# Happy Birthday Oldtimer!



## JOETHECROW (Apr 20, 2009)

[] Happy Birthday Oldtimer![]     
                                                             Joe


----------



## ajohn (Apr 20, 2009)

Happy B-day ,and many more!,Anthony


----------



## RICKJJ59W (Apr 20, 2009)

Happy B day Oldtimer keep on diggin!


----------



## woody (Apr 20, 2009)

Happy Birthday, Richard!!![8D]


----------



## tazmainiendigger (Apr 20, 2009)

Happy belated birthday Richard! The amber N.H. med is yours. See you soon to go digg'n..... Taz


----------



## Stardust (Apr 20, 2009)

HAPPY BIRTHDAY OLDTIMER!
 LOVE,
 STAR


----------



## cyberdigger (Apr 20, 2009)

HAPPY BIRTHDAY RICHARD!!!!!!


----------



## Oldtimer (Apr 20, 2009)

Thanks guys!

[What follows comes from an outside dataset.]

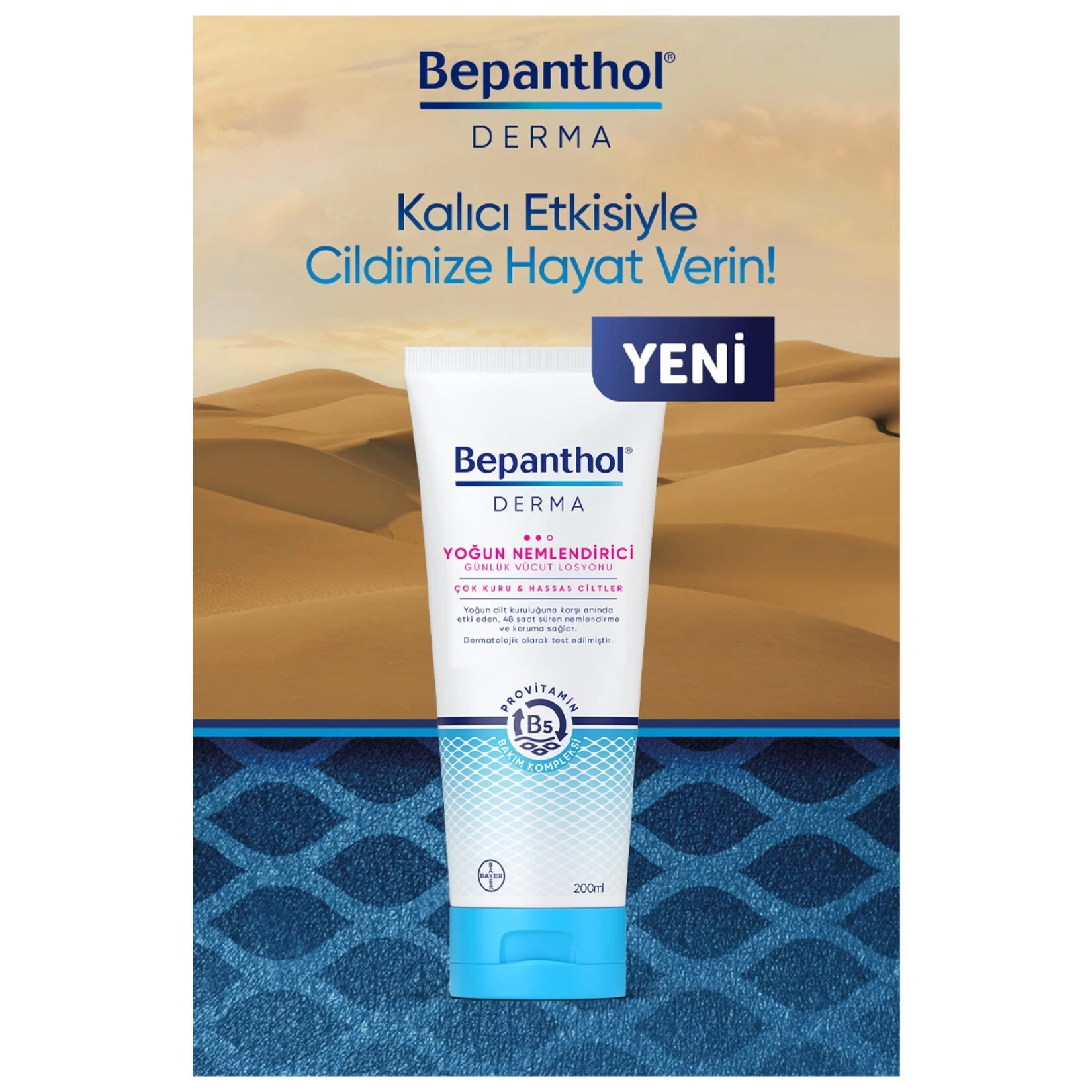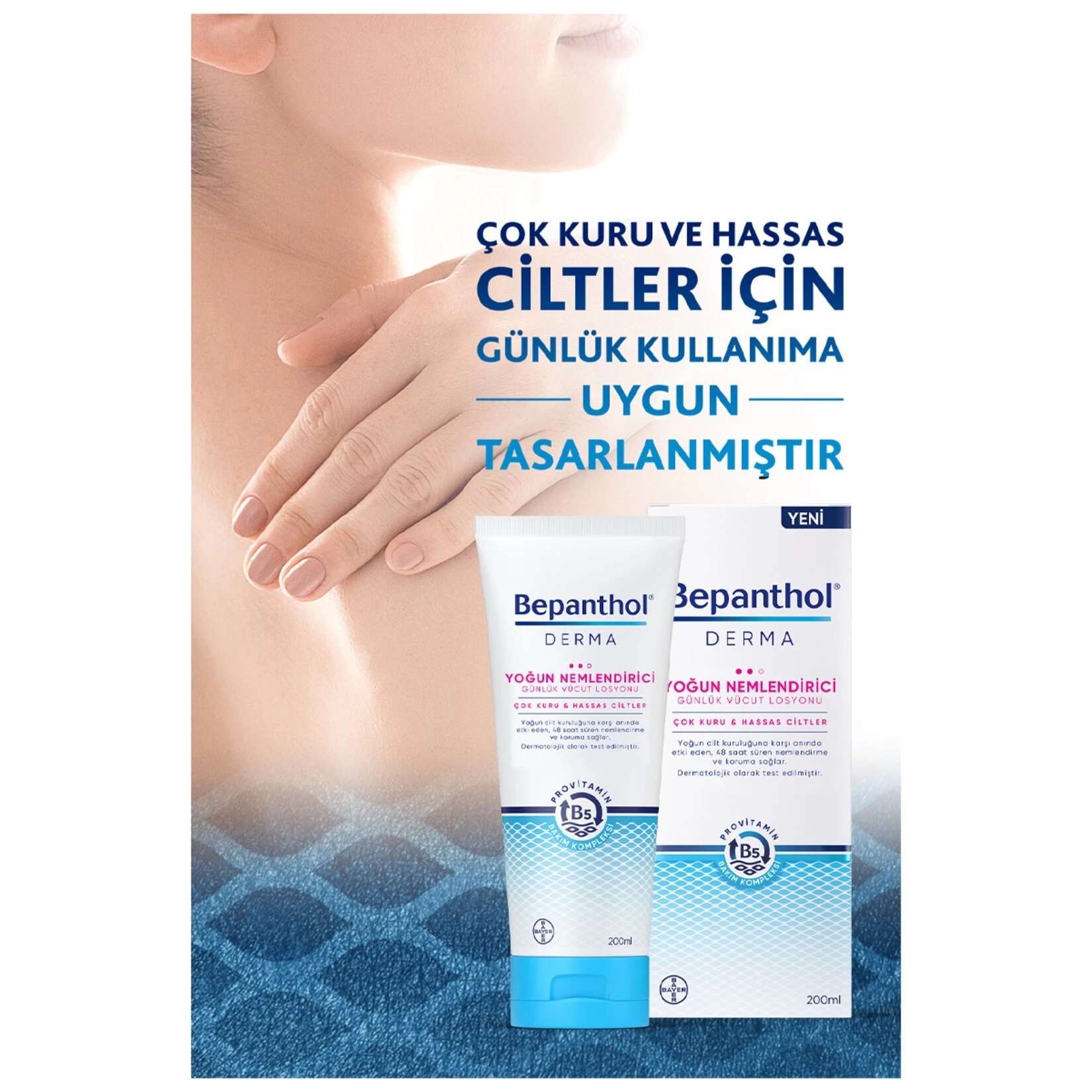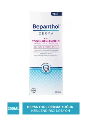 Bepanthol Derma Yoğun Nemlendirici Günlük Vücut Losyonu çok kuru ve hassas ciltler için geliştirilmiştir. İçeriğindeki Provitamin B5 Bakım Kompleksi kuruluğun temel kaynağına inerek 48 saat süren içten dışa kalıcı nemlendirme sağlar.Provitamin B5,Niasinamid, Shea Butter ,Argan yağı,Skualen, Gliserin, İzopropil İzostearat sayesinde cildi besler ,pürüzsüz ve yumuşak cilde sahip olmanızı sağlar.Tüm aile için uygundur. Dermatolojik olarak test edilmiştir.Günlük kullanıma uygundur.

Means a lot!


----------



## RedGinger (Apr 20, 2009)

Have a Happy Birthday in beautiful NH!


----------



## glass man (Apr 20, 2009)

HAVE A VERY ,VERY,GREAT BIRTHDAY!!! [] JAMIE


----------



## GuntherHess (Apr 20, 2009)

he is now an Oldertimer?


----------



## cobaltbot (Apr 20, 2009)

Happy Birthday man - hope ya find some good cellar holes this year!


----------



## Oldtimer (Apr 20, 2009)

Thanks again everyone! I am now elderly @ 41 years old. Still feel 25 though. When a pretty girl walks by, I feel 18. I must be alive yet, huh?


----------



## Angelpeace (Apr 20, 2009)

You're as old as you feel. Here's wishing you good health and great bottles! May you forever feel like a teenager. Have a happy birthday!
PEACE
 ANGELPEACE


----------



## Jim (Apr 20, 2009)

Happy birthday, Richard!  ~Jim


----------



## beendiggin (Apr 21, 2009)

> When a pretty girl walks by, I feel 18. I must be alive yet, huh?


 

 Happy Birthday, Oldtimer.  And by the way,  that feeling never goes away.


----------